--- Provided data Enclosed Below ---

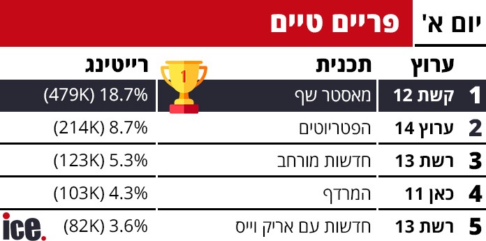 ברצועת הפריים טיים המכרעת, קשת 12 המשיכה את השליטה עם "מאסטר שף" שהגיע ל-18.7% רייטינג ו-479 אלף צופים - הנתון הגבוה ביותר בכל הערב. ערוץ 14 הציג ביצועים חזקים במקום השני עם "הפטריוטים" ב-8.7% רייטינג ו-214 אלף צופים. רשת 13 הגיעה למקום השלישי עם "חדשות מורחב" ב-5.3% רייטינג ו-123 אלף צופים, ואחריה "חדשות עם אריק וייס" ב-3.6% רייטינג ו-82 אלף צופים. כאן 11 סגרה את הרצועה עם "המרדף" ב-4.3% רייטינג ו-103 אלף צופים.
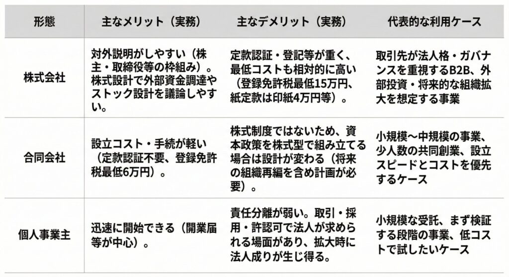 1. まず押さえる:株式会社・合同会社・個人事業主の違い
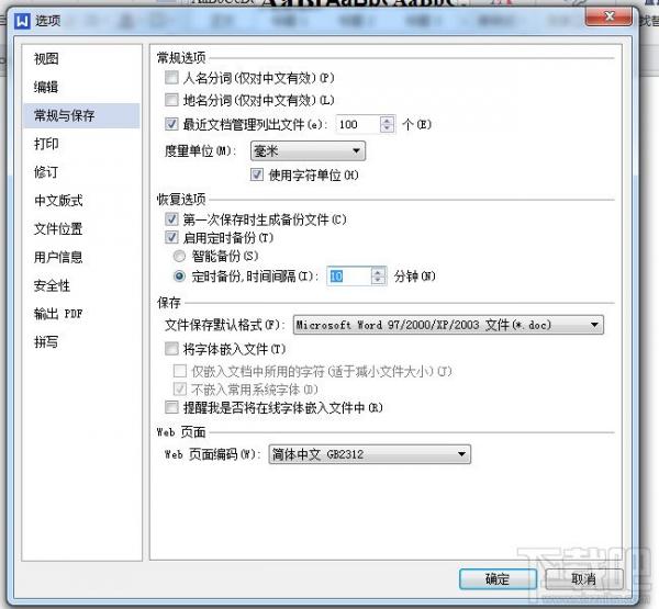 第二步:在“选项”对话框中,选择“常规与保存”选项卡。
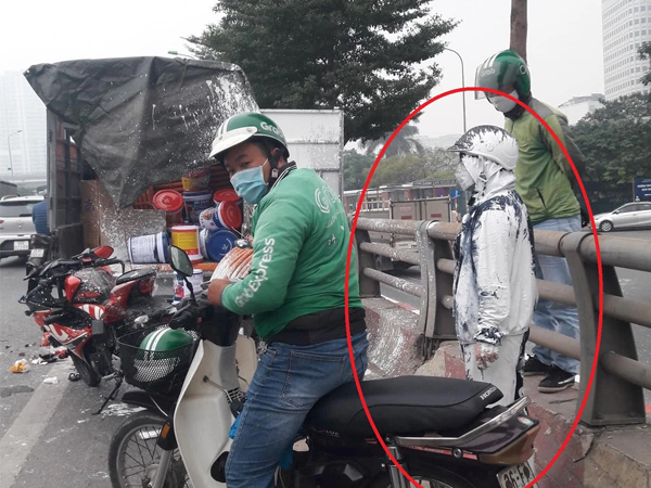 Theo những gì được ghi lại, chiếc xe máy đã đâm trúng đuôi ô tô tải chở vật liệu xây dựng. Pha va chạm đã khiến các thùng sơn trong ô tô tải vỡ nắp, văng tung tóe khắp nơi. 1 cô gái đang dừng xe bên đường đã lĩnh trọn sự đen đủi, khi bị sơn trắng phủ khắp người.
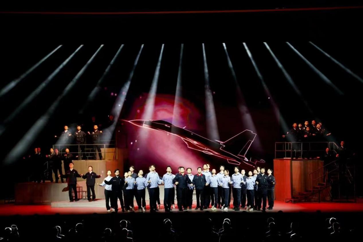 演出现场座无虚席,在场师生、员工聚精会神观看表演,从剧中汲取精神力量。演出结束后,观众纷纷表示“感受到了新中国航空工业的飞速发展,也体会到了‘国之重器,以命铸之’的责任与担当。”感慨英雄远行十年,罗阳精神永驻。

--- End of Enclosed Provided data ---

• **About this task**
Copy every entry word for word, but omit the pictures.

• **Solution to the exercise**
 ברצועת הפריים טיים המכרעת, קשת 12 המשיכה את השליטה עם "מאסטר שף" שהגיע ל-18.7% רייטינג ו-479 אלף צופים - הנתון הגבוה ביותר בכל הערב. ערוץ 14 הציג ביצועים חזקים במקום השני עם "הפטריוטים" ב-8.7% רייטינג ו-214 אלף צופים. רשת 13 הגיעה למקום השלישי עם "חדשות מורחב" ב-5.3% רייטינג ו-123 אלף צופים, ואחריה "חדשות עם אריק וייס" ב-3.6% רייטינג ו-82 אלף צופים. כאן 11 סגרה את הרצועה עם "המרדף" ב-4.3% רייטינג ו-103 אלף צופים.
 1. まず押さえる:株式会社・合同会社・個人事業主の違い
 第二步:在“选项”对话框中,选择“常规与保存”选项卡。
 Theo những gì được ghi lại, chiếc xe máy đã đâm trúng đuôi ô tô tải chở vật liệu xây dựng. Pha va chạm đã khiến các thùng sơn trong ô tô tải vỡ nắp, văng tung tóe khắp nơi. 1 cô gái đang dừng xe bên đường đã lĩnh trọn sự đen đủi, khi bị sơn trắng phủ khắp người.
 演出现场座无虚席,在场师生、员工聚精会神观看表演,从剧中汲取精神力量。演出结束后,观众纷纷表示“感受到了新中国航空工业的飞速发展,也体会到了‘国之重器,以命铸之’的责任与担当。”感慨英雄远行十年,罗阳精神永驻。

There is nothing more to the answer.